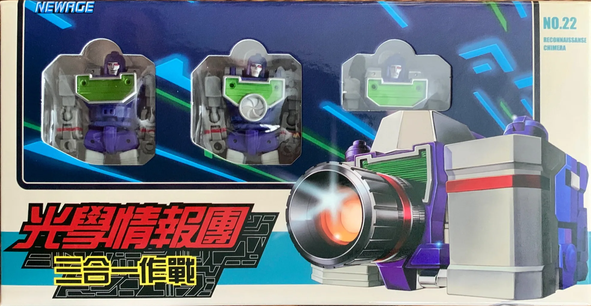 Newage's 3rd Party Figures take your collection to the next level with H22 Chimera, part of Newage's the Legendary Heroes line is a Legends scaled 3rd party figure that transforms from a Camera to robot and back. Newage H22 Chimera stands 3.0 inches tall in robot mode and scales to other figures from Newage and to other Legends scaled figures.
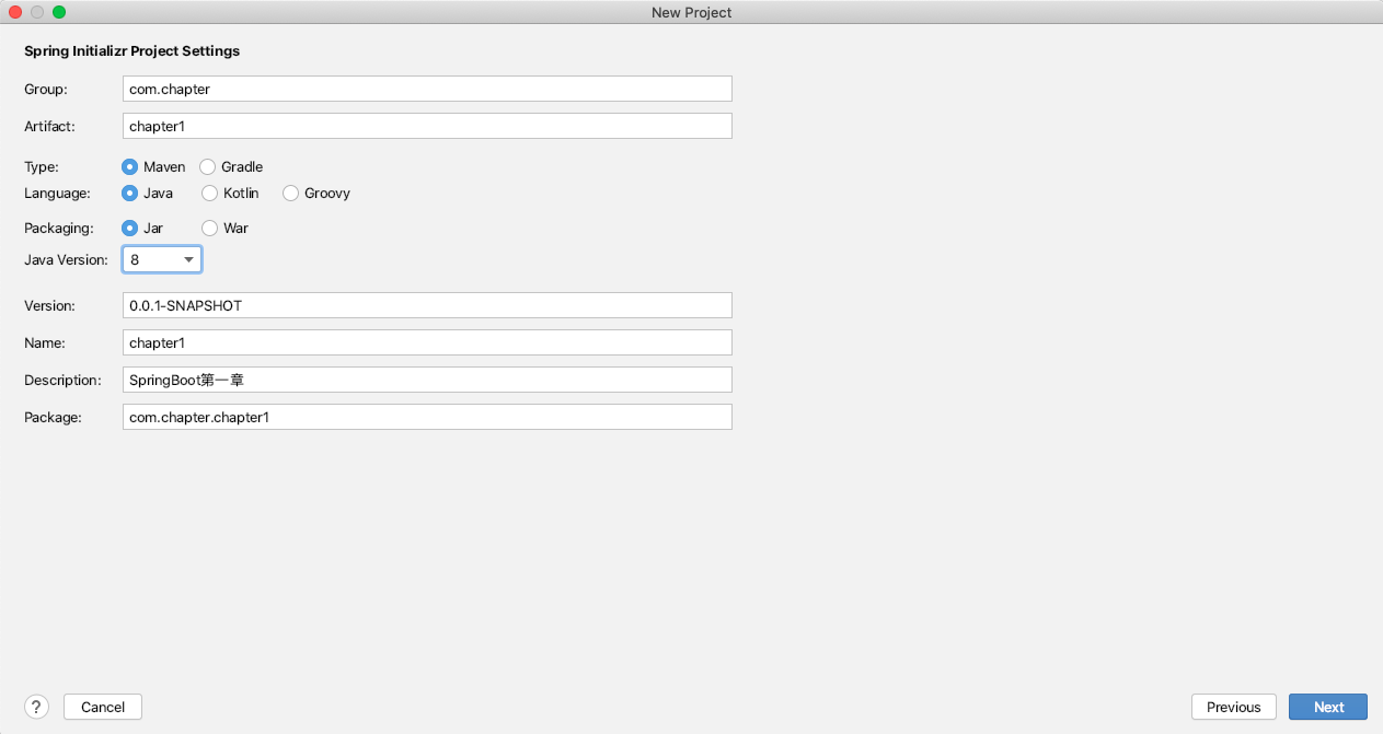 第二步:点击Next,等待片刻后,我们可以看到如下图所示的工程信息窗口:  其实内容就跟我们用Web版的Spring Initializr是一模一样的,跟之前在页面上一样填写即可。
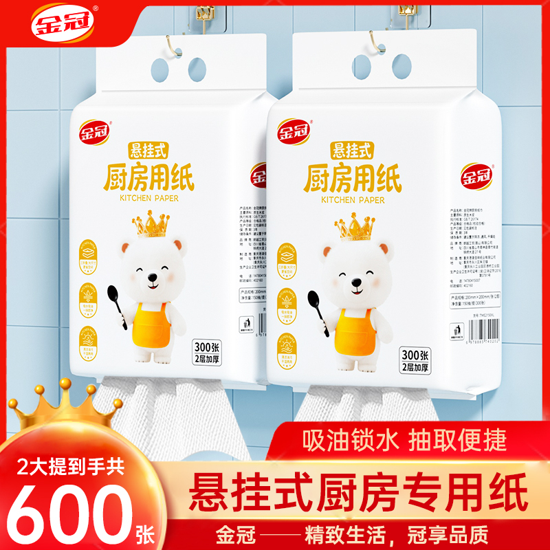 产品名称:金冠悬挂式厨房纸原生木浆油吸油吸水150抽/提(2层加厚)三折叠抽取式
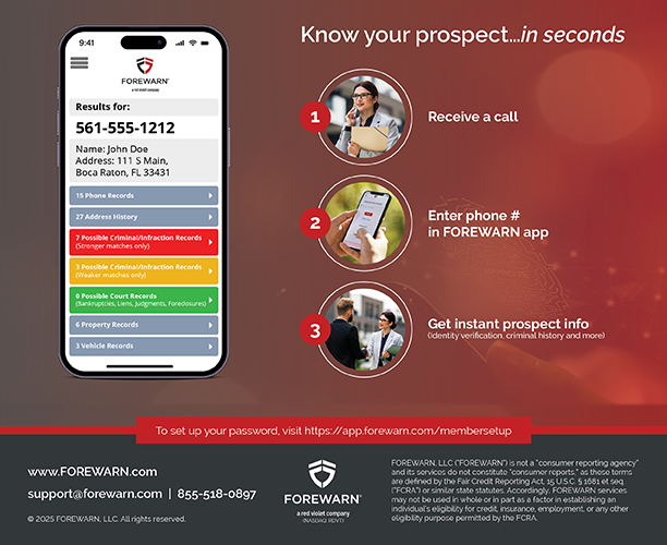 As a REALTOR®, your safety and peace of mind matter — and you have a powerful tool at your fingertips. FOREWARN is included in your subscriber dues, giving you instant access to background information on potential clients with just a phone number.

^^^^

Every line above should be reproduced exactly, please, with no pictures included.

Output for this exercise>
 Newage's 3rd Party Figures take your collection to the next level with H22 Chimera, part of Newage's the Legendary Heroes line is a Legends scaled 3rd party figure that transforms from a Camera to robot and back. Newage H22 Chimera stands 3.0 inches tall in robot mode and scales to other figures from Newage and to other Legends scaled figures.
 第二步:点击Next,等待片刻后,我们可以看到如下图所示的工程信息窗口:  其实内容就跟我们用Web版的Spring Initializr是一模一样的,跟之前在页面上一样填写即可。
 产品名称:金冠悬挂式厨房纸原生木浆油吸油吸水150抽/提(2层加厚)三折叠抽取式
 As a REALTOR®, your safety and peace of mind matter — and you have a powerful tool at your fingertips. FOREWARN is included in your subscriber dues, giving you instant access to background information on potential clients with just a phone number.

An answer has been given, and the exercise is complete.